The hotel in Tomar was really nice. I went down to the breakfast around 7:30 to grab some coffee before heading to the little hotel gym for a quick workout. As those who travel in Europe know, the breakfast buffets are pretty lavish compared to the meager breakfasts on offer in most American hotels and motels. And, they’re included in the price of the room. Most of them have high quality espresso machines, so I usually get two cappuccinos and two shots of espresso. I crave early coffee, but never drink it later in the day. There were several tours staying at the hotel so the mainly senior crowd had to get up at dawn to head out for the day’s touring. At the espresso machine, several befuddled guests weren’t sure which buttons to push, so I stepped in and did it for them. Hopefully, someone will return the favor for me in the not too distant future!

The train ride to Coimbra was a two-step affair, with a change in Entroncamento. During the second leg I saw some areas that had been burned during the summer’s apocalyptic fires. They looked like eucalyptus trees, which, from my experience living in California, explode during wildfires.

While waiting for my Uber at the Coimbra station, I spoke with a young couple waiting for theirs. I said “you’re from Canada” and they replied “how could you tell?”. I replied “I always can tell” and we chuckled.

When I arrived at my hotel, I was a bit dismayed by its exterior and the fact that it was on a busy street. Uh oh, I though. Noise! When I got to the room, however, it was quite modern and had double glazed windows and air conditioning, so the outside noise was barely discernible. Ricardo, the manager, brought me a fan for white noise.

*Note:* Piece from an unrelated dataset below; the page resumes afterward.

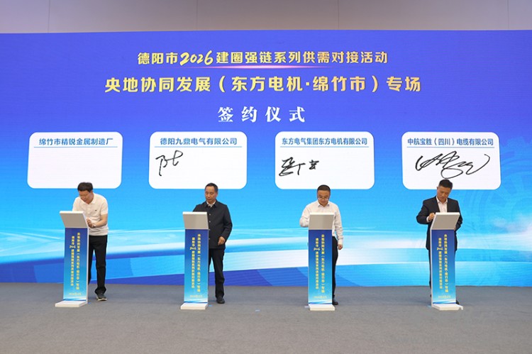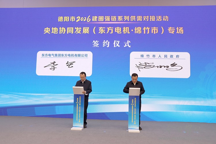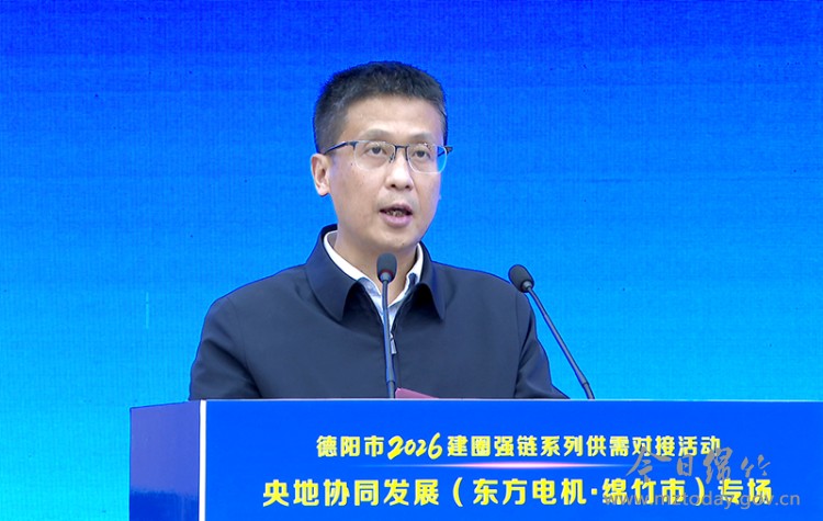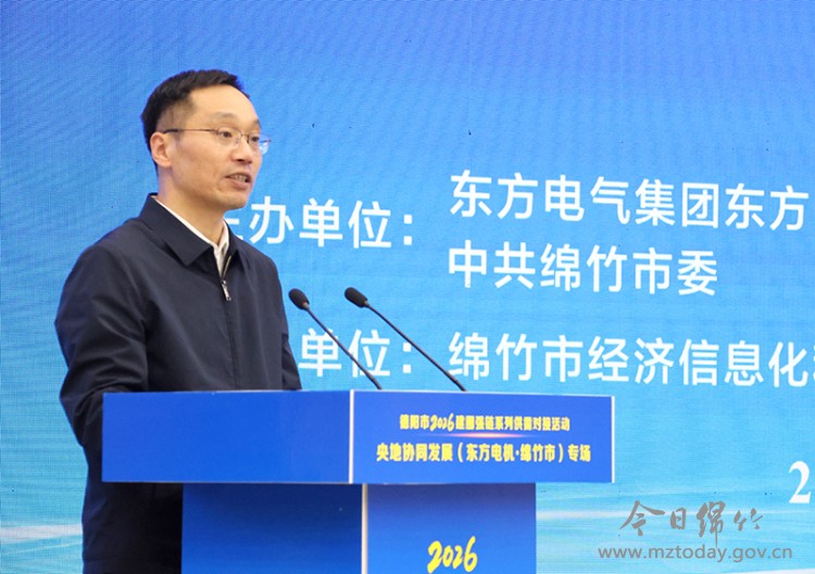 张天鹏在致辞中表示,东方电机自1958年扎根德阳以来,与德阳共生共荣,通过央地合作共同擦亮“重装之都”名片。“十四五”以来,公司形成“2+8+N”产业协同发展新格局,其节能环保、高端电动机等产业发展成果显著。2026年作为“十五五”规划开局之年,东方电机将聚焦“建设世界一流企业”目标,扛起产业链链主责任,引领行业技术和管理创新,共促产业升级。绵竹产业基础雄厚,与东方电机发展需求高度契合。就双方下一步合作,希望以供需对接推动产品应用“双向奔赴”,以协同发展带动本地企业提质扩能,以政企协同打造央地合作样板标杆,为区域高质量发展注入强劲动能。

I wanted to wait till the early evening before heading out so I took a nap. After grabbing my stuff, I walked up an extremely steep hill to the University of Coimbra, one of Europe’s oldest, founded in 1290. It has an enrollment of 30,000 and is one of the top universities. The campus is beautiful and its massive and multi-tiered botanical gardens are far superior to Lisbon’s. In addition to the earlier architecture, the history faculty and the main library are built in the Art Deco monumental style, with socialist realism-type statues of powerful half-naked men and women. Unsurprisingly, these were constructed under Salazar in the 30’s. This style wasn’t at all just relegated to fascist and authoritarian regimes. Examples abound in the US as well; for example, 30th Street Station in Philadelphia and the Hoover Dam, to mention a few.

The university district also contains several notable churches, including the “new” cathedral and museums. I’ll have to revisit tomorrow and explore more deeply.

I wasn’t in the mood for a lengthy heavy dinner, so I stopped at a little outdoor place on the walk down to the Baixo, or lower town. It was rather quiet, so I sat near a young couple and we struck up a conversation. They had ordered a salad with figs and other tasty vegetables, so I did the same. They were visiting from their home in the Lake District in the north of England and they’d just arrived from Porto. They felt that Porto is overrated and really isn’t worth more than three nights. They were disappointed that 75% of the buildings in the central area had been built since WW2. They told me they were renovating a 300-year old farmhouse and they showed me photos. Jamie, the husband, was doing much of the renovation himself. We all decided to order a tawny Port but our server, who strangely enough didn’t speak English, thought tawny Port meant tonic and Port. He graciously took that witches’ brew back and brought us what we’d been expecting.

After bidding one another good-bye, I headed home, but was lured into an amazing chocolate shop. I bought some dark chocolate with ginger and another small slab with orange and walnuts. I also bought a bottle of tawny Port, hoping to have a glass with a little of the chocolate. While I was waiting, the young attendant was gift-wrapping some chocolate for a nice couple from America but couldn’t manage to tie the bow, so I gallantly stepped in to finish it for him. The Americans gave me a chocolate bar, which I shared with two American women who were perusing the chocolate offerings. I could comment more about these patrons but suffice it to say that I had a good chuckle after leaving the shop!

I decided to leave the Port for another day since I was afraid that it might leak during travel.